Glad to see you're addressing the situation. If there's anything at all that I can do for you, please let me know. Given my location, I would even be willing to drive to Everett and help if needed. By the way, mine's red, too.


----------



## recycled_toddler (Feb 4, 2004)

Helaine said:


> Glad to see you're addressing the situation. If there's anything at all that I can do for you, please let me know. Given my location, I would even be willing to drive to Everett and help if needed. By the way, mine's red, too.


AWESOME!!! I was ripping through Mount Vernon yesterday to Wally-World with the tops off. It's about time we got some Skagiters here!

Yeah, that'd be great, but since my dad's friend is dragging his heels on the fabrication stuff I need, I'm gonna break away and make the stuff myself. I'll PM ya with my vital stats for contact.

I'm considering starting a club here and there's some interest; Gonna call it "S.P.O." (Sentra/Pulsar Owners). So far, tentative plan is to have the monthly meetings at either the King Charley's burger joint in Snohomish or some place a bit closer to the Skagit county line.

BTW: The SR-9 drive between Mount Vernon and Arlington is kick-ass at twilight!


----------



## recycled_toddler (Feb 4, 2004)

*Yet another update...*

We got progress!
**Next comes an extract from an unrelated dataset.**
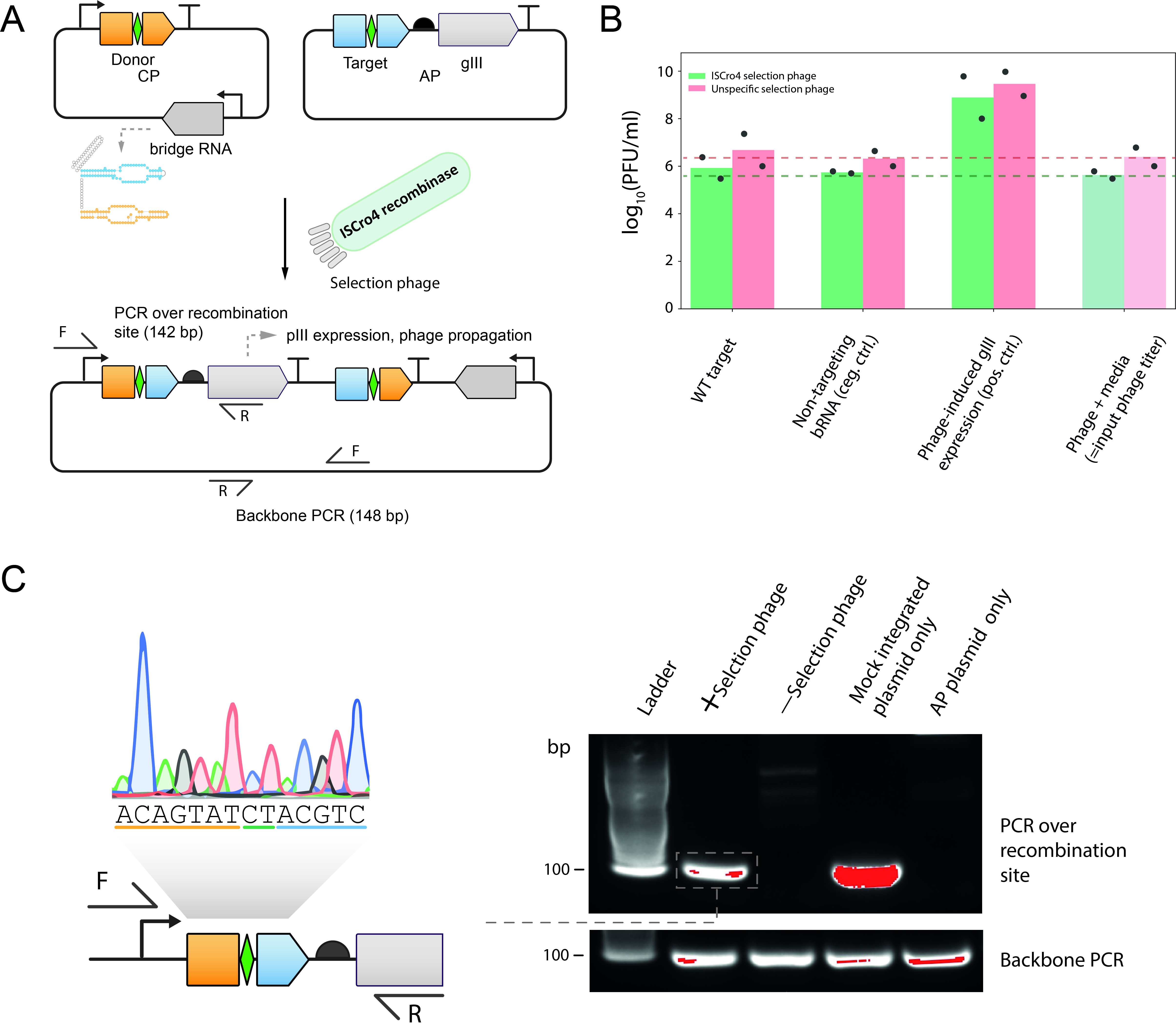Having established activity and a transcriptional readout, we next asked whether the full selection logic supports phage propagation. We infected E. coli carrying the AP and CP with the ISCro4 selection phage (SP–ISCro4) and incubated cultures overnight (Figure4A). As an initial test, we used WT ISCro4 with its cognate bRNA and quantified titres the following day. Under these conditions, no significant titre increase was observed relative to input phage titre and negative controls (non-targeting bRNA) (Figure4B). Nonetheless, junction-specific PCR spanning the donor–target recombination site yielded the expected product, confirming that recombination occurred despite the lack of phage amplification (Figure4C).

I've obtained the 1/4 inch steel plate myself and there was enough to make 4 adaptors and 4 wheel spacers...enough for two cars. Dimensions have been transferred and scribed onto the steel, awaiting drilling, hole-cutting and final cutting.

Also bought were 8 longer wheel studs and nuts to match, from the Dorman hardware bins at my local auto parts stores. The studs are 1/4 inch longer than what the NX hubs came with. The Z wheel studs weren't long enough, nor would the Nissan parts guy either research the need nor would he allow me to scout the bins. So, Dorman got the job! Thanks to S&M Auto Supply of Everett and AutoZone of Marysville!

As soon as the plates are drilled and cut out, we'll be on it. Keep tuned...

--RT


----------